** Recorded data follows **
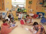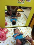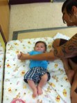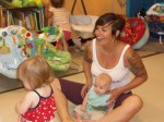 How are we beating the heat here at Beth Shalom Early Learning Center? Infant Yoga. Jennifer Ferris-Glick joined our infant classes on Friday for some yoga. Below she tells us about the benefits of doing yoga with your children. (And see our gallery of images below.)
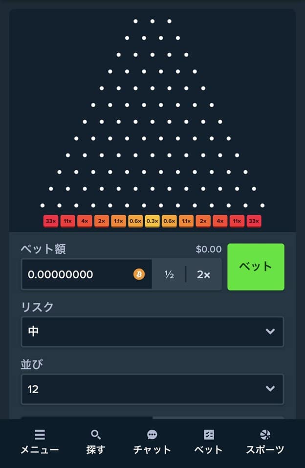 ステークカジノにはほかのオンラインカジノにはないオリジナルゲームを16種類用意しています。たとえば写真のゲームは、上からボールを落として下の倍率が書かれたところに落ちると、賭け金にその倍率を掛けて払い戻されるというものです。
** End of Recorded data **
** Recorded data follows **
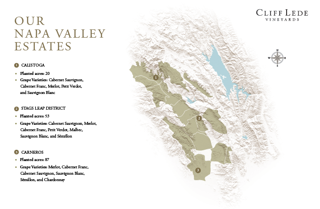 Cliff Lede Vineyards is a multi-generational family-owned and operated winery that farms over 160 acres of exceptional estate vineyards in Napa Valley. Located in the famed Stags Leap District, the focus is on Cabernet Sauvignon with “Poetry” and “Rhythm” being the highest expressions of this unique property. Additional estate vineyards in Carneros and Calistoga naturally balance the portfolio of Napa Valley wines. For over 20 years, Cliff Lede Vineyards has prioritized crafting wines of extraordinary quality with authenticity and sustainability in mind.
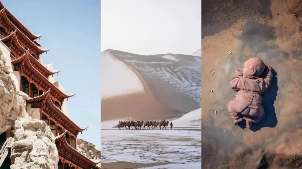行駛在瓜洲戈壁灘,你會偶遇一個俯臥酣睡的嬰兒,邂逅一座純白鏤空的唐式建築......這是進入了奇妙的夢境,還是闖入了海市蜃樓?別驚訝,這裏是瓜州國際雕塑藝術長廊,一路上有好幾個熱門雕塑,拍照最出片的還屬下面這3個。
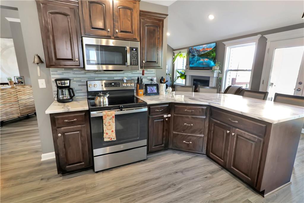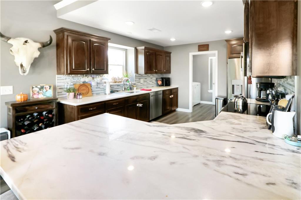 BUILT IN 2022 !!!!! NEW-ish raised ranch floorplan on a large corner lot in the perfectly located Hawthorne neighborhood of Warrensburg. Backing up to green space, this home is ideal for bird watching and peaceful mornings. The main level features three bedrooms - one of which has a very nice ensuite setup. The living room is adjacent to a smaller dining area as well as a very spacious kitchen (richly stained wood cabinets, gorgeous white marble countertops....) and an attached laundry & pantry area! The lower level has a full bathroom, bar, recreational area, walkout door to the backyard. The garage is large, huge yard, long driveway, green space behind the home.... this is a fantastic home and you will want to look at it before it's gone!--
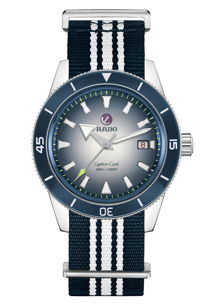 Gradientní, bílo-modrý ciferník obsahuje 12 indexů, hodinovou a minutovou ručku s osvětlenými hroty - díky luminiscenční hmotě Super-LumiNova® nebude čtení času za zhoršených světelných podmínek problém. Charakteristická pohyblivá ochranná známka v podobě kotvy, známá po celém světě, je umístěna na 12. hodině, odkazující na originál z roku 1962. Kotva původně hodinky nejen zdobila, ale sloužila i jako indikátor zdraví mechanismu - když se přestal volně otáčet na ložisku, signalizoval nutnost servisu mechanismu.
** End of Recorded data **
◆ **Exercise**: Write out again exactly the lines above from the one with "BUILT IN 2022" through the one with "Gradientní, bílo-modrý ciferník", adding no other lines and no pictures.

◆ **Answer space**:
 BUILT IN 2022 !!!!! NEW-ish raised ranch floorplan on a large corner lot in the perfectly located Hawthorne neighborhood of Warrensburg. Backing up to green space, this home is ideal for bird watching and peaceful mornings. The main level features three bedrooms - one of which has a very nice ensuite setup. The living room is adjacent to a smaller dining area as well as a very spacious kitchen (richly stained wood cabinets, gorgeous white marble countertops....) and an attached laundry & pantry area! The lower level has a full bathroom, bar, recreational area, walkout door to the backyard. The garage is large, huge yard, long driveway, green space behind the home.... this is a fantastic home and you will want to look at it before it's gone!--
 Gradientní, bílo-modrý ciferník obsahuje 12 indexů, hodinovou a minutovou ručku s osvětlenými hroty - díky luminiscenční hmotě Super-LumiNova® nebude čtení času za zhoršených světelných podmínek problém. Charakteristická pohyblivá ochranná známka v podobě kotvy, známá po celém světě, je umístěna na 12. hodině, odkazující na originál z roku 1962. Kotva původně hodinky nejen zdobila, ale sloužila i jako indikátor zdraví mechanismu - když se přestal volně otáčet na ložisku, signalizoval nutnost servisu mechanismu.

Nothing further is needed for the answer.